What is cinema? If when considering cinema you only account for “image” then there’s an obvious history, but “cinema’s sound identity has undergone constant redefintion.” In cinema’s early -pre-1930’s- period, it combined with various audio media to the extent that they cannot be seen separately.
Media is constantly changing, be wary of projecting the current conception onto the past. Because it combines “image and sound technologies” film can integrate or “blend in” any relevant new technique that “serves a particular aesthetic or economic purpose.”
“Nickelodeons” were largely a silent format -a matter of “moving photographs” on literal film. The “familiar audio/visual phenomenon we now call cinema” is not present at this early moment. Soon after however, films began to be shot “in view of a specific accompaniment.” As the cliché has it “the silents were never silent.”
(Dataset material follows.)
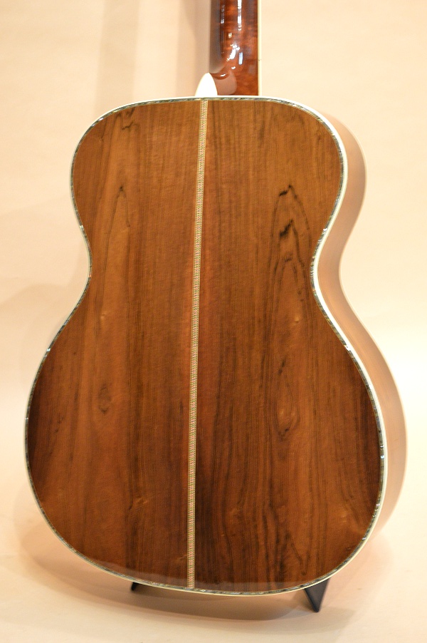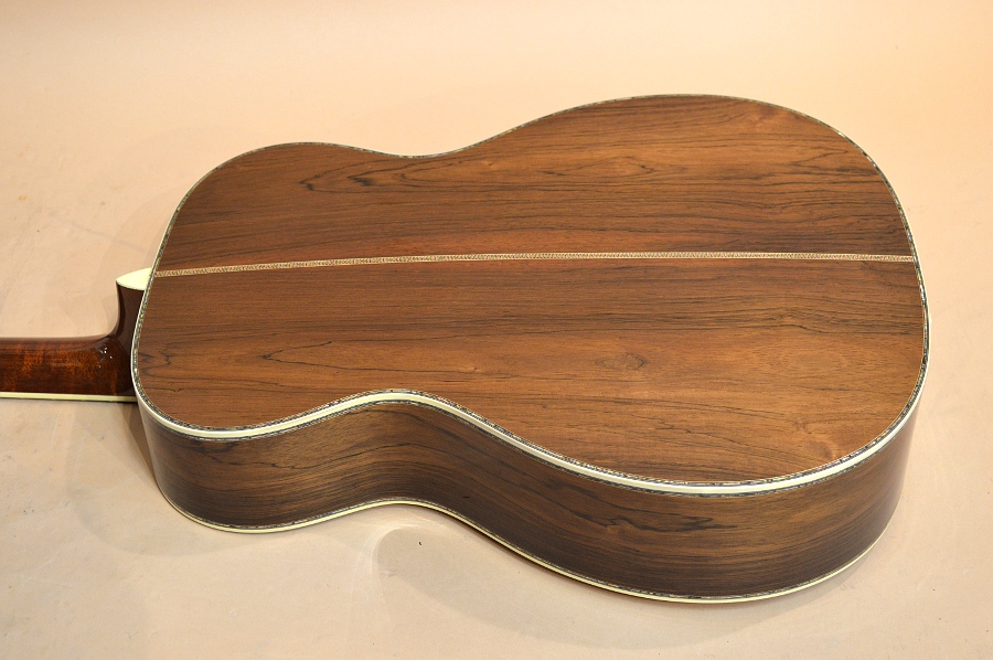アディロンダック・スプルースTOP、ブラジリアン・ローズウッド(ハカランダ)SIDE&BACK、マホガニーNECK、エボニー指板&ブリッジ、プリ・ウォー・スタイル・スキャロップ・ブレーシング、実測45.3mmナット、25.4インチ・スケールのオーケストラ・モデル。バーティカル・ロゴに45スタイル・スノウフレイクス・ポジション・マーク、45スタイルのアバロン・トリム&ロゼッタが燦然と輝く存在感バツグンの出で立ち!SIDE&BACKに使われているハカランダは半柾半板の杢目ですが、如何にもハカランダらしい黒い筋の入った良材が使用されています。

The “phonograph” or “graphophone” was then combined with “the picture machine” to create “the singing and talking moving picture.” This process is primarily identified with the company Cameraphone who initiated the “star system” via their “decision to record vaudeville on film.” However, “it would take nearly two decades to install a durable sound film system.”
“We make more sense of the film industry by understanding it as a complex of related production strategies.” Thanks to this dynamism, early film “could pass rapidly from opera to cartoons and back.”
“Televison was referred to as radio throughout the twenties.” With regards to film and radio “the borders of the media remained an open question” and they had not “definitively separated” by 1922. Film audio was simulcast over radio to multiple theaters in the “Rothacker process.”
The “Victrola” was a “revolution in the phonograph field.” Early sound films “were an outgrowth of the record industry” and emphasized audio, “a telephone, plus a phonograph plus a radio” as one critic put it. “What is a talking picture but a phonograph record with plenty of amplification behind it?” wrote another.
“Representational technologies” like the above audio/visual innovations “take on multiple identities,” are “constantly redefined” and “are subject to the vagaries of reception.” This is opposed to simple notions of “substitution” or “succession”. “Equivalence and improvement in one area are accompanied by a zone of non-equivalence in another.”
Cinema’s history of “conflation with other media” precludes any notion of a succession of “true equivalents.” “Representational technologies” tend “toward multiple definition,” in the case of early cinema “as a circus,” an “exhibition,” or “theater.” In the history of cinema definition is a multifaceted “ongoing struggle” of “jurisdiction.”